Revolutionary Syrian Singer Has Throat Slit By Security Forces

Published on Wednesday, July 13, 2011 by IFEX, the International Freedom of Expression Exchange

Over the past few weeks in the northern city of Hama, Syria, up to 200,000 residents would gather nightly in al-Aqsi Square to do their part in the Arab uprisings. Most nights, Ibrahim Kashoush, popularly known as “the singer of the revolution”, would perform political songs that expressed the defiance of the people (see video below). That ended abruptly on 5 July, when his throat was slit by security forces amid a series of deadly raids, reports the Arabic Network of Human Rights Information (ANHRI).

His murder is the ultimate sign that the regime of President Bashar al-Assad is determined to win the propaganda war, says Index on Censorship.

According to Human Rights Watch, security forces had been largely absent from Hama since 3 June, when they opened fire on anti-government protesters, killing at least 60 people. In the following weeks, Hama residents took to the streets for regular protests that have been consistently peaceful. On 1 July, they boasted the largest anti-government demonstration in Syria during the recent uprisings.

But its scale must have alarmed the regime; in the following days, security forces began a campaign of early morning raids and arrests. They opened fire in certain areas and killed at least 16, reports Human Rights Watch. And then there’s Kashoush’s brutal demise.

“Hama is the latest city to fall victim to President Bashar al-Assad’s security forces despite his promises that his government would tolerate peaceful protests,” said Human Rights Watch. “Security forces have responded to protests with the brutality that’s become familiar over the past several months.”

“The full significance of Kashoush’s murder can only be understood in relation to the regime’s two main mechanisms of control: propaganda and violence,” says Salwa Ismail, writing for Index.

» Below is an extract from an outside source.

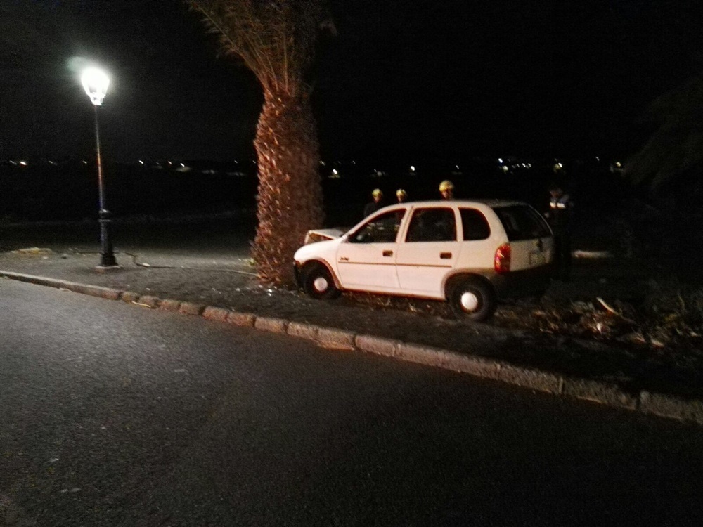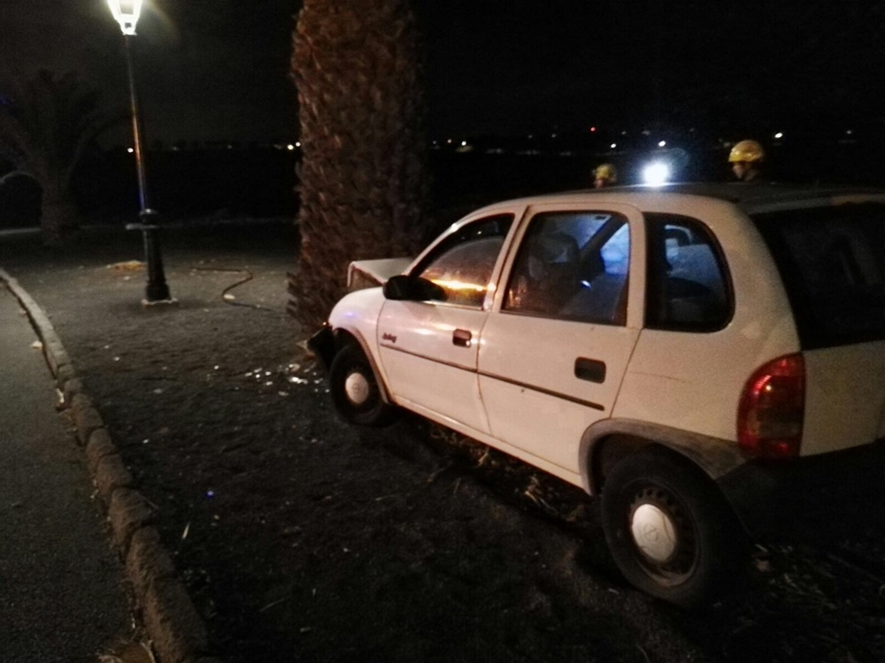 En la noche de ayer jueves un vehículo modelo Opel Corsa se salía de la vía en la avenida de Las Palmeras en Costa Teguise, empotrándose contra una palmera de los lindes de la carretera.

According to Ismail, al-Assad has resuscitated the cult of the “eternal leader”, popularised by his father, which includes weaving symbols of patriotism into photographs of the President and plastering them across public spaces. In rallies organised by the regime, supporters shout slogans of loyalty and pledge their willingness to sacrifice themselves for their leader.

But to keep the regime going and the cult active, opponents needed to be eradicated “through murder, large-scale killings, sieges of towns and cities, and the deployment of tanks and soldiers to subdue a population that has risen to demand freedom and basic civil liberties as a matter of right,” says Ismail. “The defiant public expression of this aspiration undermines the two pillars of the regime, the simulated love of the leader and the unspoken fear of his wrath.”

According to ANHRI, thousands of demonstrators have been killed and an undisclosed number of individuals have been detained or disappeared since the protests erupted. Meanwhile, the few foreign journalists who have been allowed in are closely minded and given a limited view of what is happening, reports the International Press Institute (IPI).

“It was difficult to tell whether it was staged or if people were coming up to us of their own free will,” CNN’s Arwa Damon told IPI. She was one of the first Western journalists to broadcast from Damascus on the current crisis. “There’s a bit of hostility to foreign media and blaming Western media, especially the United States and Israel. People are very angry and certainly feel passionate about the situation.

“When it came to finding anti-government opinions, it was another process. People will whisper, walk by while I was talking to someone and say they’re lying, stick notes with messages in my hand” she added. “They want to talk. They’re so desperate and feel they’re being drowned out.”

But Assad shows no sign of backing down, and neither do the protesters. “It’s going to be a long process,” said Damon. “Whichever way it plays out, change has to happen. Activists will tell you that they cannot go back. This is the point of no return. [They’ll say] either the regime falls or the regime has to massacre all of them.”